海が見えてくる。俺はただ一人、ソンオンに追いついた。
「追い詰めたぞ!」
ソンオンの背後は断崖であった。
「く、来るな!化け物!」
ソンオンは俺が近づくと腰を抜かし座り込んだ。脚はガクガク震え、綺麗な顔は恐怖で歪んでいる。
「お前は何者だ……その膨大な魔力はなんだ……」
俺は答えに窮した。ソンオンは何かを感じ取っている。自分では膨大な魔力など感じていない。
「ソンオン。俺の何を知っているのだ」
「お前はこの世の者ではない……」
俺はソンオンの言葉にハッとした。転生したことをソンオンは気が付いているのであろうか。
「俺は先の世から来たと言えば信じるか」
言ってしまった。俺自身もその言葉が正確なのかも分からないままだ。だが、ソンオンはそれを聞き表情が和らいだ。
「そうか……天に選ばれたというわけか」
「どういうことだ?」
俺が一歩踏み込むとソンオンは身を翻し崖から身を投げた。一瞬、微笑んだような気がした。
「あっ!」
咄嗟に伸ばした手でソンオンの道着を掴む。ビリビリと裂け、ソンオンの体は落ちていく。俺は何とか捕えようとソンオンの腰のあたりを掴もうとした。
だが、ソンオンを捕えることは出来なかった。悲鳴もなかった。やがて海に落ちる音が聞こえる。
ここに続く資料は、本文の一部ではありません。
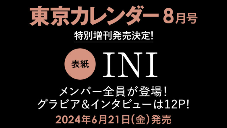 6月21日(金)発売予定の『東京カレンダー』2024年8月号(発行:東京カレンダー株式会社、本社:東京都品川区、代表取締役:坂下 陽子)において、INIのメンバーが表紙に総出演する特別増刊を刊行します。
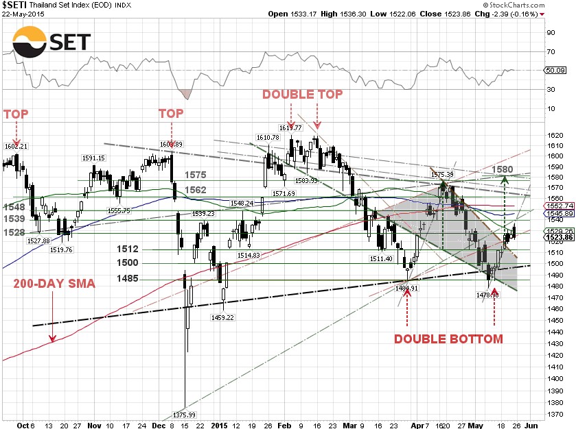 The SET shrugged off the weak economic news released by the National Economic and Social Development Board (NESDB) on Monday, which said that the first-quarter 2015 Thailand gross domestic product (GDP) grew 3.0% from a year earlier, compared with a Reuters poll of a 3.4% gain. The

この高さから落ちたら助からないであろうと思った。手には布地を握っていた。
「……」
北府の兵の一団が向かってくる。ソンオンを捕えることも、首を取ることも出来なかった。
リュウロウシの前に立った。
「ソンオンはどうした」
「取り逃がしました。崖から身を投げ……首を取ることが出来ませんでした」
リュウロウシの眉が動いた。
「……それだけか」
「あの……これを」
俺は手に持っていた布地を差し出した。
リュウロウシが絶句した。周りの将校たちも固まった。
「ソンオンの……首の代わりに……その……下着を」
沈黙が続いた。
リュウロウシがゆっくりと口を開いた。
「……よし。手柄として認める」
「え?本当ですか?」
「ソンオンを追い詰め、みずから身を投げさせた。それは事実だ。首は取れなくとも、乱を終わらせた功績は本物だ」
リュウロウシはそれ以上何も言わなかった。だが、その目が微かに笑っていた気がした。
アイが近づいてきた。
「お前の手柄は下着か」
「うるさい」
「ふふ……」
アイが珍しく笑った。
だがアイは俺の手の中の布地をじっと見た。
「……随分と変わった形だな。この素材は何だ」
俺も改めて見た。確かに変だ。薄くて、滑らかで、この世界では見たことのない素材だ。だが俺には見覚えがあった。転生前の世界のものだ。そしてよく見ると小さなタグがついていた。
文字が書かれている。
「ボクシ。これ何て書いてある」
ボクシが覗き込んだ。
「……読めない。見たことのない文字だ」
俺が覗き込んだ。
読めた。
カタカナだった。
「ポリエステル……」
俺はまさかと思って固まった。
「そういえば……アイのとは全然違うな」
口から出てしまった。
アイの動きが止まった。
「……今、何と言った」
「いや、その……」
「お前、今……何と言ったのだ」
アイの目が細くなった。次の瞬間、俺は吹き飛ばされていた。
「この変態!」
足音荒く立ち去るアイ。
ボクシが呆れた顔で見下ろした。
「お前は本当に馬鹿だな」
「分かってる……」
地面に転がりながら、俺は考えていた。
ポリエステル。現代の素材だ。この時代にあるはずがない。
つまりソンオンは——
(俺と同じだ。転生者だ)
崖の上でのソンオンの言葉が蘇った。
「天に選ばれたもの」
ソンオンも転生していた。だから俺の魔力を感じ取れた。だから怯えた。同じ種類の存在だと分かったから。
俺は空を見上げた。
天に選ばれた、とはどういうことだ。俺が?
まったく見当がつかなかった。
だがソンオンの言葉だけが、頭の中でぐるぐると回り続けた。